You paint pictures across the kitchen walls,
Hurl stories over the dinner table,
Smear your early adventures on the tiles,
Scrub them deep into the dirty dishes,
As your tea time tales take flight from your mouth,
I reach out; pluck one tenderly from the air; examine it.

I watch you, cower in the cotton wool snow,
Boys, older, prick your skin worse than the cold,
Needling you with bleak names and empty threats,
Yet as one wrestles you near the iced lake,
You promptly snatch him up, like a rogue weed,
And toss his paper airplane body through the lakes surface.

But such courage couldn't always apply,
Not in Africa nor the Middle East,
Where dictators wielded their lollipop guns,
Journalists rained with bullets in the street,
Where ink-stained news flowed from your fingertips,
And your friends bodies fell, hole-punched, down the stairs of parliament.
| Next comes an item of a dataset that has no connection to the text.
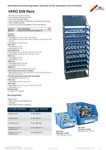 VARO Shelving and Stocking System, Workshop Lorries, Assortments, Vehicle Modules

You wouldn't risk your life for a story,
But later, you would choose to make your own.

Sitting on a pub's carpet with my mum,
Your whispered forget-me-nots intertwined,
Three days back, you were just acquaintances,
A humble handshake shared in the garden,
Compliments and jokes blossomed from your lips,
Now with no ring and no confidence you casually propose.

I pause for a moment, take a step back,
After years of stories and tea time tales,
They cover every inch of the kitchen,
They clog the drain and fill the flour bin,
All together they're a complete art piece,
Anoungst the paint streaks and smudges I see,
They're even more colourful, since you had me.